As previously mentioned, size matters when it comes to telescopes: the bigger the mirror, the better the telescope (i.e. the greater the resolution and light-gathering capability). The world’s largest single telescope mirrors are the 8.4-metre telescopes used by the Large Binocular Telescope.
Telescope mirrors must be perfectly polished and accurate in shape and size to within a billionth of a metre. This means that making telescope mirrors is extremely difficult and therefore time consuming and very expensive, costing millions of dollars.
But there is an alternative to polished metal and silvered glass: mercury. Simply filling a pan with liquid mercury will create a perfectly flat* reflective surface; the surface can then be made curved by spinning the pan. No expensive manufacturing is required and this keeps costs low: a liquid mirror costs about 1% of the cost of a similar-sized conventional mirror. (They do have the disadvantage that they can only point upwards, however.)

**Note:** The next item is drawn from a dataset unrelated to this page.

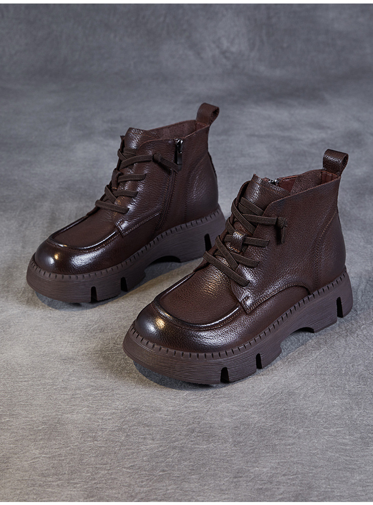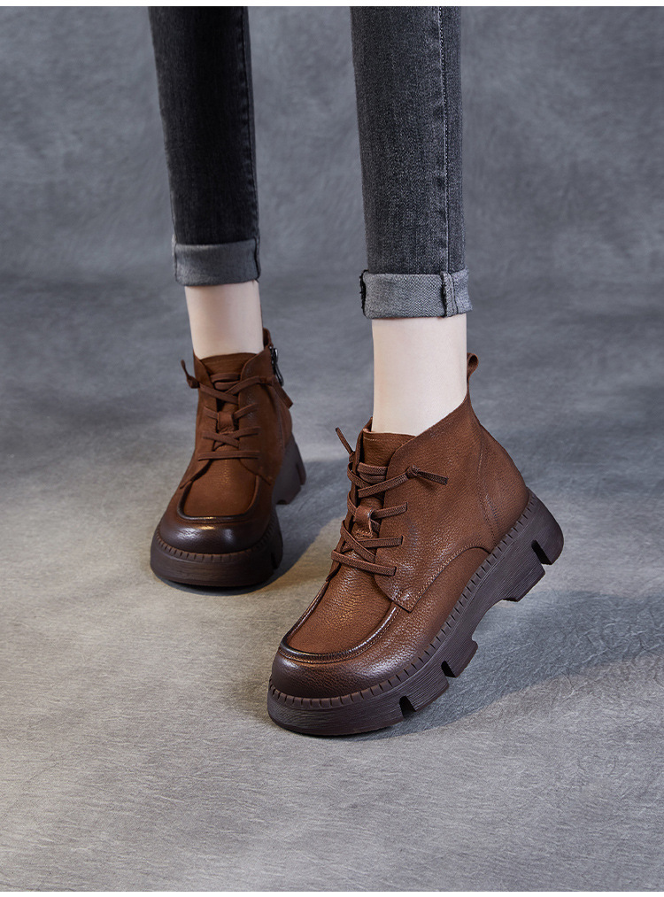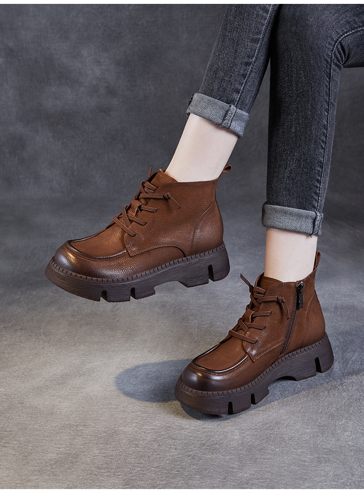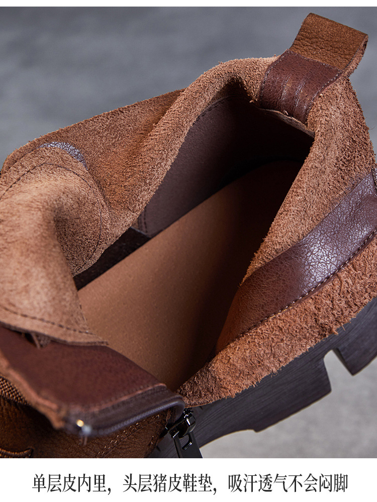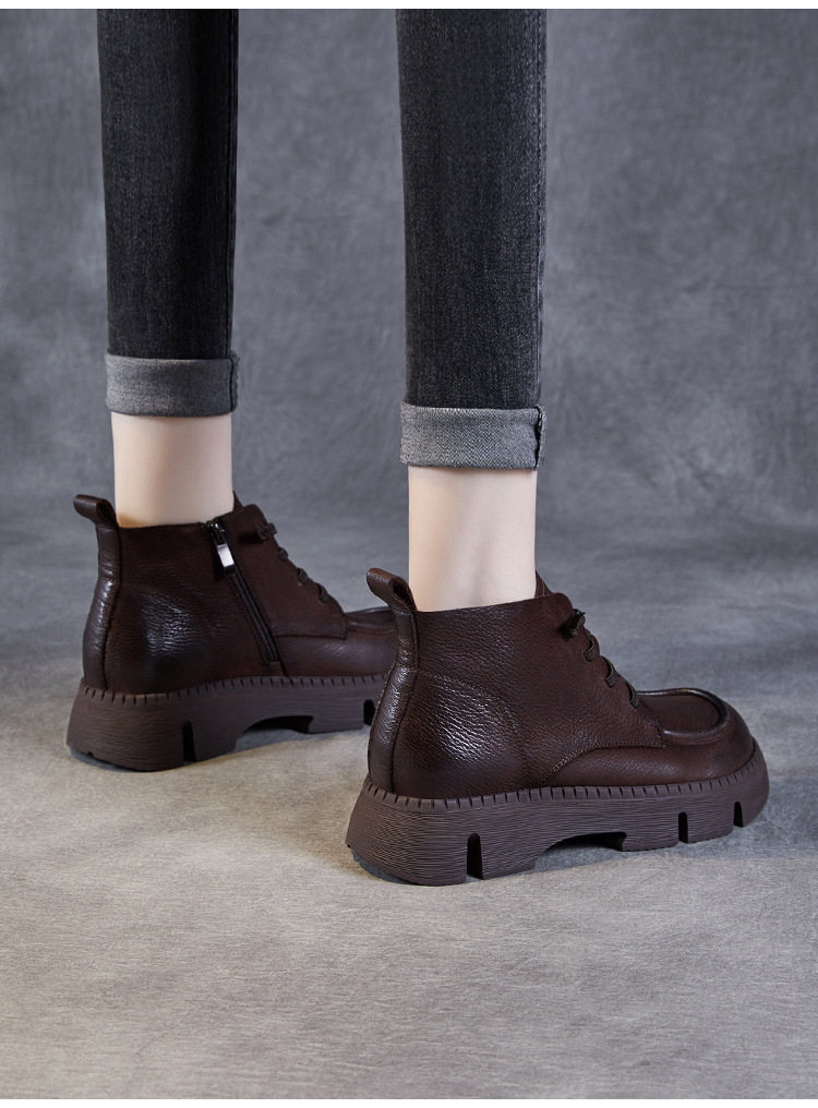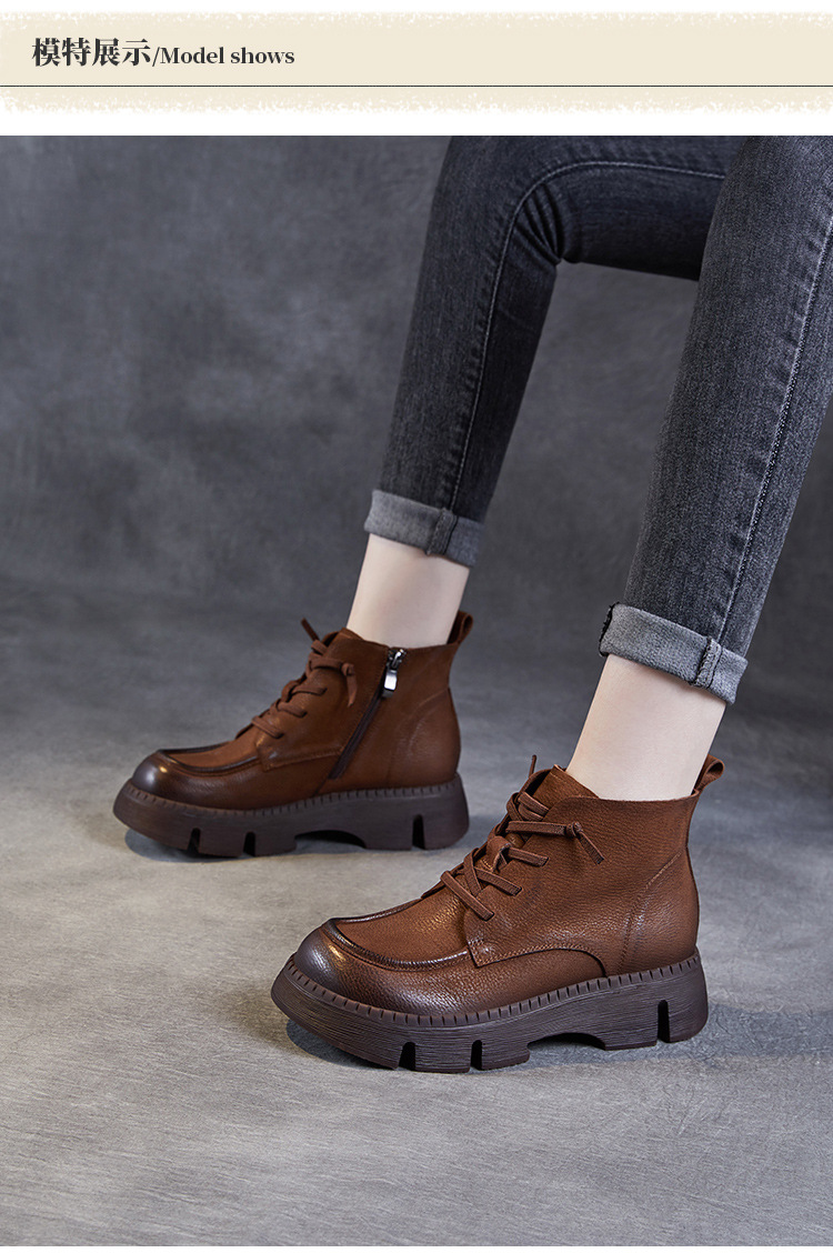 Top Layer Cowhide Vintage Martin 부츠 여성 싱글 부츠 2024 가을 새로운 두꺼운 유일한 편안한 수제 정품 가죽 영국 발목 부츠스토어 가기
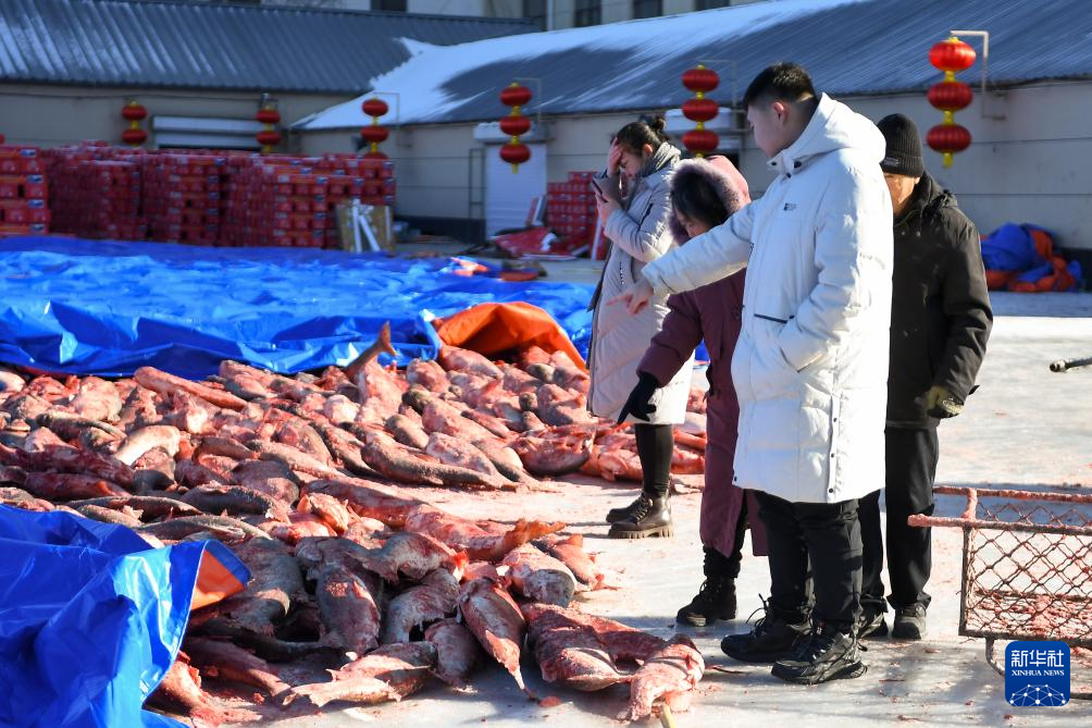 12月27日,人们在查干湖渔场超市查看鱼价。

The University of British Columbia’s six-metre Large Zenith Telescope in Vancouver is the world’s largest liquid mirror telescope.
The simplicity of constructing a liquid mirror telescope has even led to suggestions that one should be built on the Moon.
* To give you some idea of how flat a liquid mirror is: if you built a mirror the size of the Earth, the largest bump would be less than a millimetre in height.